Garbage collection will only permanently delete a file marked as pending delete if there are no open handles to that file. As long as any process has the file open, garbage collection cannot delete it. This prevents files from disappearing unexpectedly while a program is still using them. It also ensures file content is not deleted before pending writes are completed. Once all handles are closed, the pending delete file can be permanently deleted.

Running garbage collection periodically ensures disk space is recovered in a timely manner after deletes. It also scrubs orphaned metadata leftover from aborted creates and deletes. Garbage collection is a key process that keeps the file system tidy and enables safe file deletion.[1]

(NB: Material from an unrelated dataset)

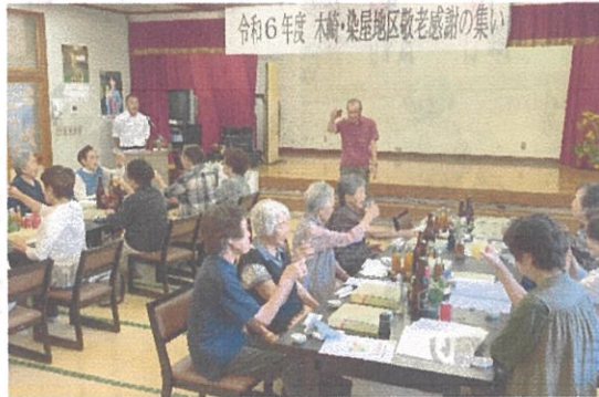
令和6年度 木崎・染屋地区敬老感謝の集い

[1] https://learn.microsoft.com/en-us/sql/relational-databases/system-stored-procedures/filestream-and-filetable-sp-filestream-force-garbage-collection?view=sql-server-ver16

Why Discovery is Needed

The file discovery process that Windows performs before deletion is crucial to avoid potential problems like data loss or corruption. As explained in previous sections, the file system contains complex interdependencies between file tables, metadata, open handles, locks, and more. Deleting a file immediately can lead to orphaned structures or corrupted references if the file is still in use by a process [1]. The discovery phase allows the operating system to cleanly finalize all operations involving the file, decrement open handle counts, release any locks, and unlink any directory entries before deletion [2]. This prevents deletion from interfering with active processes or leaving remnants behind in the file system. Overall, the upfront cost of discovery is worthwhile to ensure integrity of file system data structures and avoid potential corruption issues down the line.

Conclusion

In summary, there are several key reasons why the file discovery phase is essential before Windows deletes files:

The discovery process allows Windows to locate all traces of a file in the file system and closure open handles before deletion. This prevents errors or crashes if a program still has a file open. Discovery also logs information about each file’s metadata and location before deletion. This provides stability and recoverability if something goes wrong.

By taking time to discover files slated for deletion, Windows can cleanly prepare the file system and free up space. Rushing this process risks data loss or corruption. The discovery phase gives Windows a comprehensive view of each file so deletions happen smoothly. While it may seem slow, the discovery process ultimately allows Windows to maintain the integrity and reliability users expect.